The James Webb Space Telescope — the most precise telescope ever built — was decisive in discovering the frozen forms of a long series of molecules, such as carbon dioxide, ammonia, methane, methanol and even more complex molecules, frozen out as ices on the surface of small dust grains.
The dust grains grow in size when being a part of the discs of gas and dust forming around young stars. This means that the researchers could study many of the molecules going into the forming of new exoplanets.
Researchers at the Niels Bohr Institute, University of Copenhagen, combined the discoveries from JWST with data from Atacama Large Millimeter Array (ALMA), making observations in other wavelengths than JWST and researchers from Aarhus University contributed with the necessary investigations in the laboratory.
“With the application of observations, e.g. from ALMA, it is possible for us to directly observe the dust grains themselves, and it is also possible to see the same molecules as in the gas observed in the ice” Lars Kristensen, associate Professor at the Niels Bohr Institute (NBI), explains.
“Using the combined data set gives us a unique insight into the complex interactions between gas, ice and dust in areas where stars and planets form” according to Jes Jørgensen, Professor at NBI.
“This way we can map the location of the molecules in the area both before and after they have been frozen out onto the dust grains and we can follow their path from the cold molecular cloud to the emerging planetary systems around young stars.”
The content of ice in the molecular cloud was a decisive discovery
The ices were detected and measured by studying how starlight from beyond the molecular cloud was absorbed by icy molecules at specific infrared wavelengths visible to Webb.
This process leaves behind chemical fingerprints known as absorption spectra which can be compared with laboratory data to identify which ices are present in the molecular cloud.
In this study, the team targeted ices buried in a particularly cold, dense and difficult to investigate region of the Chamaeleon I molecular cloud, a region approximately 600 light-years from Earth which is currently in the process of forming dozens of young stars.
Along with star forming comes planet forming and the perspective for the researchers in the IceAge collaboration is basically to identify the role the ice plays in gathering the molecules necessary to form life.
“This study confirms that interstellar grains of dust are catalysts for the forming of complex molecules in the very diffuse gas in these clouds, something we see in the lab as well,” Sergio Ioppolo explains, associate professor at Aarhus University, contributing with some of the experiments in the lab that were compared with the observations.
The sensitivity of JWST was an absolutely necessary precondition for the discovery
“We simply couldn’t have observed these ices without Webb,” elaborated Klaus Pontoppidan, JWST project scientist at the Space Telescope Science Institute, Baltimore, USA, who was involved in this research.
“The ices show up as dips against a continuum of background starlight. In regions that are this cold and dense, much of the light from the background star is blocked and Webb’s exquisite sensitivity was necessary to detect the starlight and therefore identify the ices in the molecular cloud.”

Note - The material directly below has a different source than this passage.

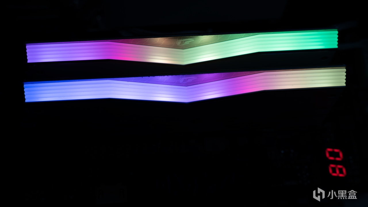 iGame DDR5 7200 Loong Editon通電RGB效果,每根內存的導光層是分爲五條區域,感覺是爲了營造騰雲駕霧的氛圍感。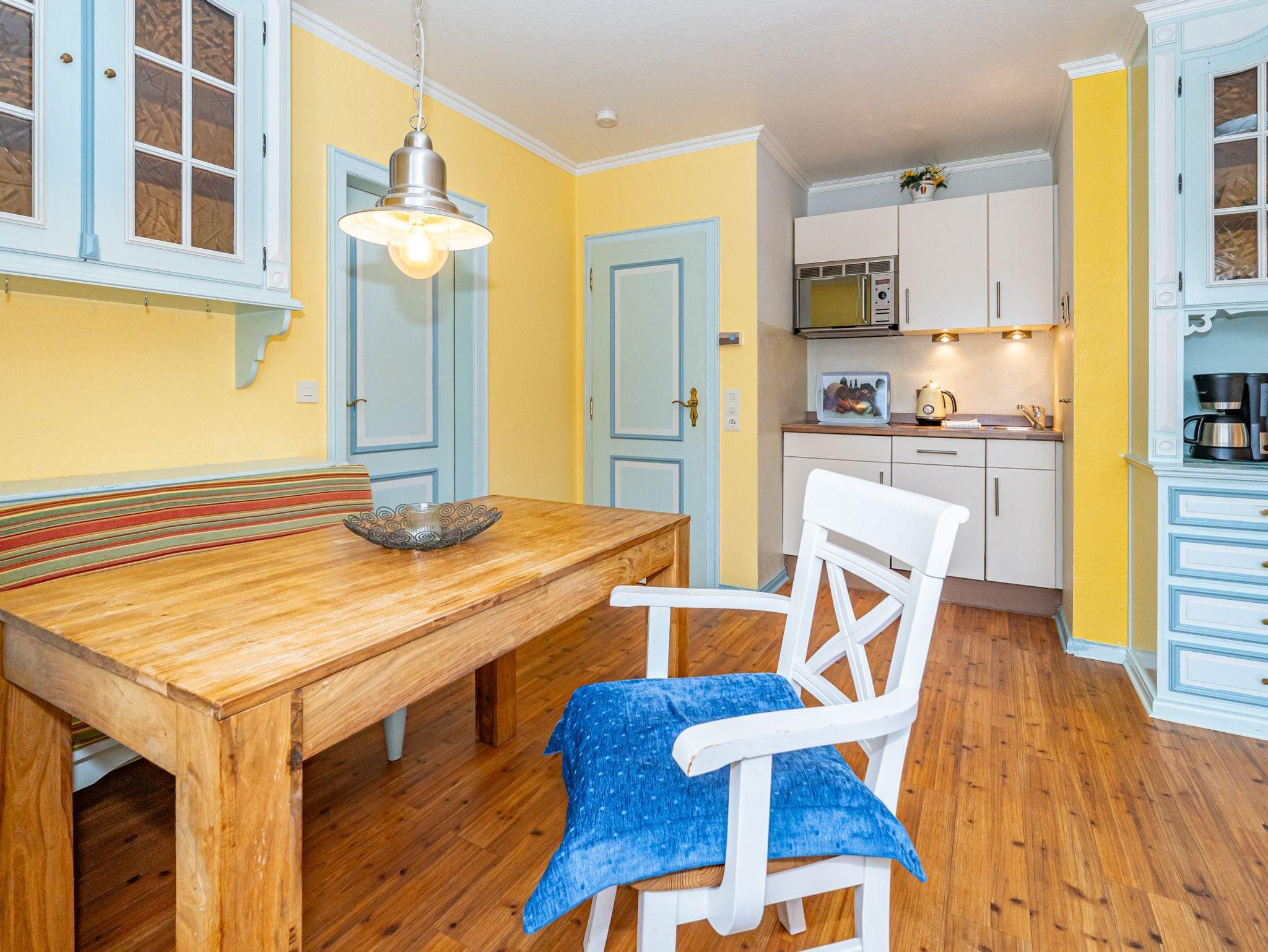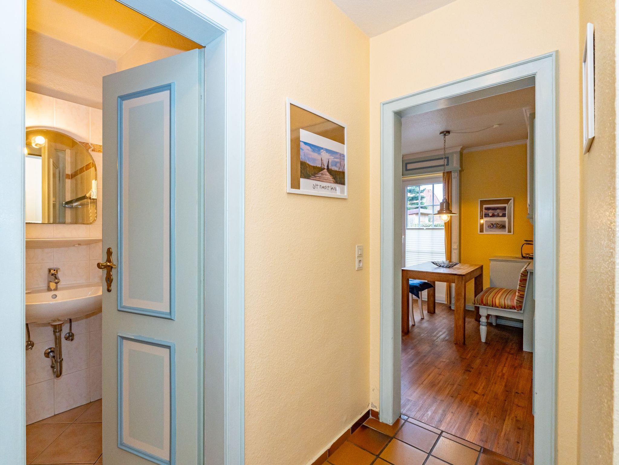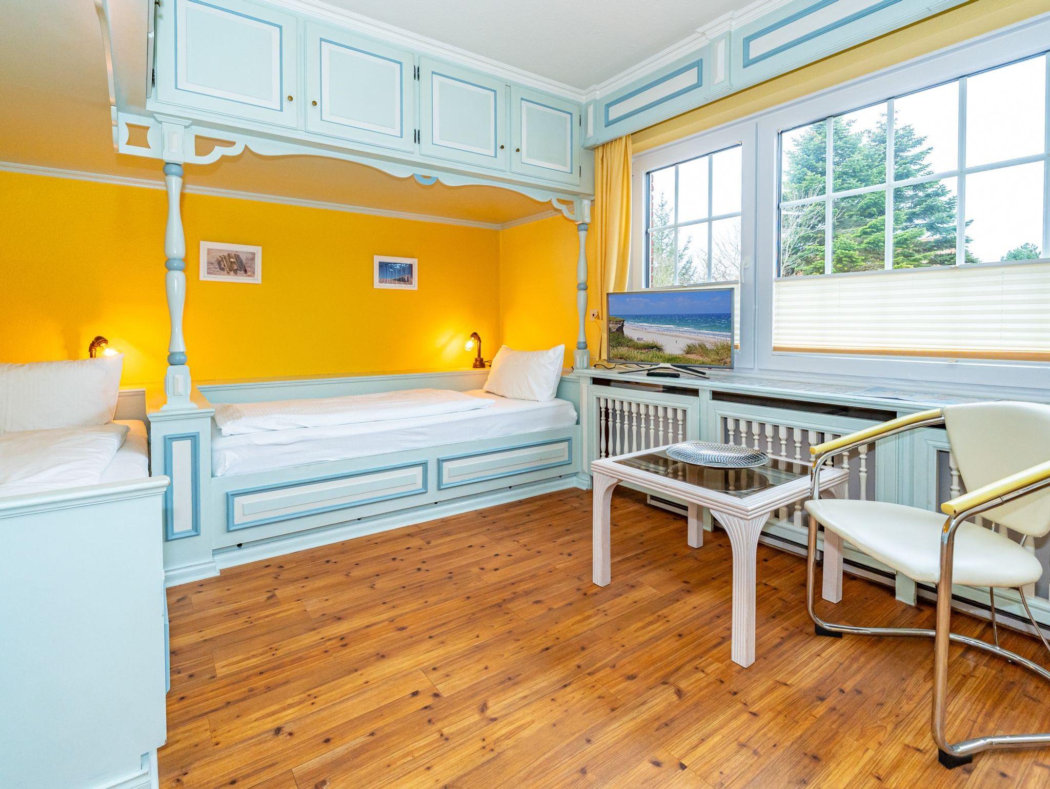 Im dritten Apartment, welches sich ebenfalls im Erdgeschoss befindet und über eine eigene Terrasse verfügt, werden Schifffahrtsträume wahr. 50 Quadratmeter verteilen sich auf 2 Zimmer mit gemütlichen Schlafkojen für 4 Personen. Über den offen gestalteten Wohn- und Essbereich gelangen Sie direkt zum Außenbereich. Das Badezimmer ist ausgestattet mit Dusche, WC und Waschbecken.

The IceAge team has already planned more observations with both Webb and other telescopes.
“These observations together with further laboratory studies will tell us which mixture of ices — and therefore which elements — can eventually be delivered to the surfaces of terrestrial exoplanets or incorporated into the atmospheres of giant gas or ice planets.
“Melissa McClure, astronomer at the Leiden Observatory and leader of the observation program, concludes.